- [EXERCISE BRIEF]: Repeat, exactly and in full, the lines of the listing below, but without any pictures.

(DATA PROVIDED Opens)

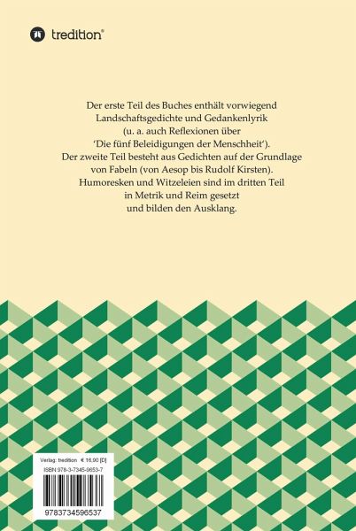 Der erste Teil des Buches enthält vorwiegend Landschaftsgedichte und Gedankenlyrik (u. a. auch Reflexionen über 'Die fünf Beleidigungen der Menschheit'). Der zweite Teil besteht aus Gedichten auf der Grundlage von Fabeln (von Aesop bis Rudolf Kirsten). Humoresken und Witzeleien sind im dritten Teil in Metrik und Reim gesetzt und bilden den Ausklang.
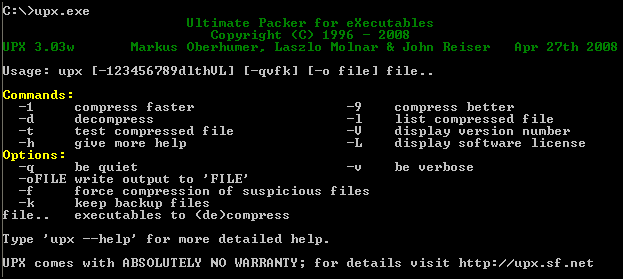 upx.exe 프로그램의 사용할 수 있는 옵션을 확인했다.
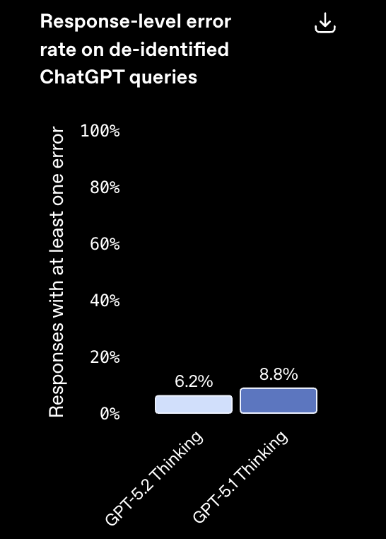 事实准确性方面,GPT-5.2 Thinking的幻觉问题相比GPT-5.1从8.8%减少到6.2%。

(DATA PROVIDED Closes)

- [TASK RESULT]:
 Der erste Teil des Buches enthält vorwiegend Landschaftsgedichte und Gedankenlyrik (u. a. auch Reflexionen über 'Die fünf Beleidigungen der Menschheit'). Der zweite Teil besteht aus Gedichten auf der Grundlage von Fabeln (von Aesop bis Rudolf Kirsten). Humoresken und Witzeleien sind im dritten Teil in Metrik und Reim gesetzt und bilden den Ausklang.
 upx.exe 프로그램의 사용할 수 있는 옵션을 확인했다.
 事实准确性方面,GPT-5.2 Thinking的幻觉问题相比GPT-5.1从8.8%减少到6.2%。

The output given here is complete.